# Critical Care



## Colliemom (Jan 3, 2012)

When performing Critical Care on the same day as an inpatient consultation, do you bill both the consultation and the critical care codes?  (I have my own opinion on this, but my manager wants me to see what other practices do in this scenario)


----------



## btadlock1 (Jan 3, 2012)

Colliemom said:


> When performing Critical Care on the same day as an inpatient consultation, do you bill both the consultation and the critical care codes?  (I have my own opinion on this, but my manager wants me to see what other practices do in this scenario)

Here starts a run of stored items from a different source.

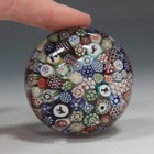 A small Baccarat millefiori glass paperweight, mid-19th Century, the close-packed polychrome millefiori canes incorporating four animal silhouettes, comprising goat, horse, dog and rooster, diameter approx 5cm (surface chips and scratches).
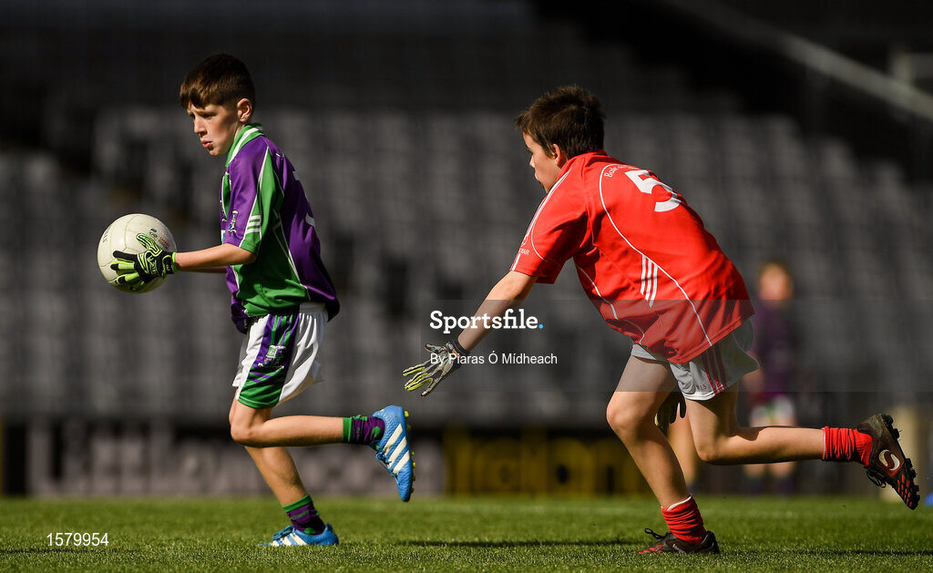 23 September 2018; Jay Keane of Leitrim Gaels, Co Leitrim, left, in action against William Hoban of Ballintubber, Co Mayo, during the Littlewoods Ireland Connacht Provincial Days Go Games in Croke Park. This year over 6,000 boys and girls aged between six and eleven represented their clubs in a series of mini blitzes and – just like their heroes – got to play in Croke Park. For exclusive content and behind the scenes action follow Littlewoods Ireland on Facebook, Instagram, Twitter and https://blog.littlewoodsireland.ie/ Photo by Piaras Ó Mídheach/Sportsfile
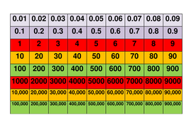 To use the chart, simply place counters on the square of the number that you wish to make. For example, if I wanted to make the number 5.31, I would place a counter on 5, a counter on 0.3 and a counter on 0.01. It is here we see that the chart supports the mathematical skill of partitioning numbers.
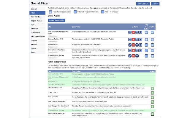 Social Fixer for Facebook will plug into your browser and improve the Facebook.com website. Social Fixer for Facebook is filled with numerous features to make your Facebook experience better and potentially more secure. You can filter posts in the news feed by content, author, link, URL, and more. Social Fixer for Facebook also includes built-in Filter Subscriptions, which will allow you to pick a filter and use it. There are also pre-defined filters that include hiding Sponsored Posts, Political posts, things your friends like, and much more.
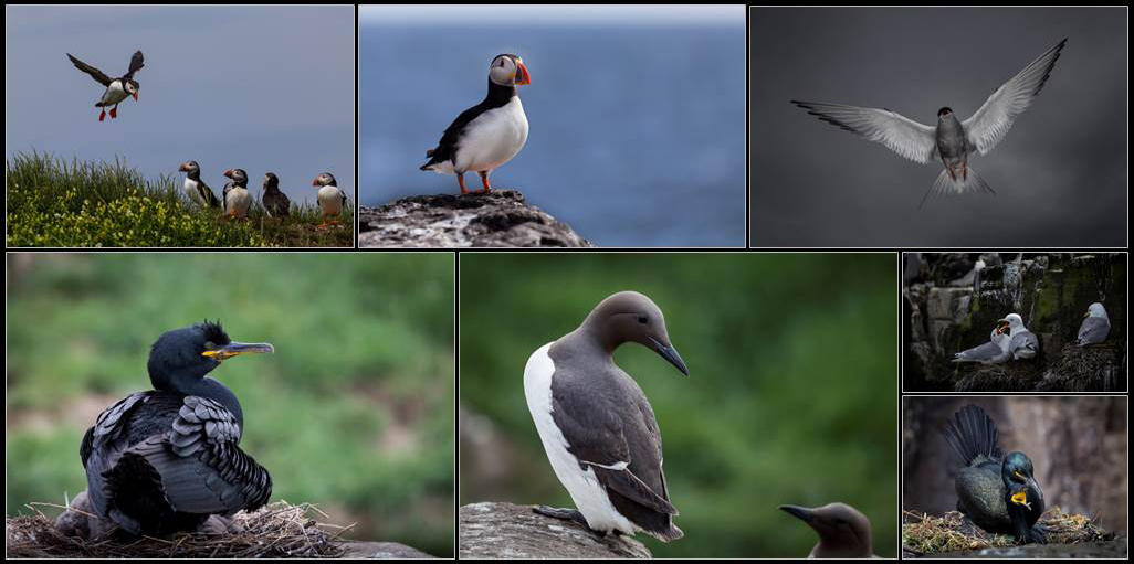 I spent an early June weekend visiting the Farne Islands off Northumberland’s coast, this is an area well known for the seabird colonies that it supports. The best trip for photographers is the Billy Shiels ‘all-day’ trip which visits both Staple Island and Inner Farne, the two islands with the largest colonies of birds and costs £35, leaving from Seahouses. The trip chugs out on the ‘Glad Tidings’ boat, initially around the islands before mooring alongside Staple Island. On the way you will probably see the local Grey Seals sun bathing and bobbing about in the sea plus as you get closer a multitude of birds on the surface of the sea or flying back and forth to the islands. The first thing that you notice is the strong smell of guano coming from the white stained cliffs which does fade as you accustom yourself to the environment. Once on the island it is so easy to dash from one place to another as there is so much activity all around you but you benefit from being selective and sticking with one subject at a time and familiarising yourself with the bird’s behaviour. The second stop is on Inner Farne where you will be greeted by the Artic Terns who are fiercely protective of their nests. It is highly recommended that you don a hat as soon as you disembark Glad Tidings – you will soon realise why. Once over the initial shock you will marvel at the persistence of the Terns as people walk the boards past their nests. It is worth noting that there is a £6 entry fee onto each island as they are National Trust land so take you membership card if you have one.

Critical care is its own thing, and can be reported separately. The usual site of service hierarchy, doesn't apply. Per CPT guidelines, "Critical care and other E/M services may be provided to the same patient on the same date by the same physician." (page 21)


----------



## alincoln (Jan 3, 2012)

Colliemom said:


> When performing Critical Care on the same day as an inpatient consultation, do you bill both the consultation and the critical care codes?  (I have my own opinion on this, but my manager wants me to see what other practices do in this scenario)




The way we handle that situation -
if there are two separate notes/diagnoses that show why the physician had to come back and later provide critical care, then we would bill both and be reimbursed for both.
If it was for the same reason, then I would argue that you only bill one, the critical care.  I've found that we don't get reimbursed for two E/M codes, even critical care and something else, if the primary diagnoses/documentation are for the same reason.


----------



## btadlock1 (Jan 3, 2012)

alincoln said:


> The way we handle that situation -
> if there are two separate notes/diagnoses that show why the physician had to come back and later provide critical care, then we would bill both and be reimbursed for both.
> If it was for the same reason, then I would argue that you only bill one, the critical care.  I've found that we don't get reimbursed for two E/M codes, even critical care and something else, if the primary diagnoses/documentation are for the same reason.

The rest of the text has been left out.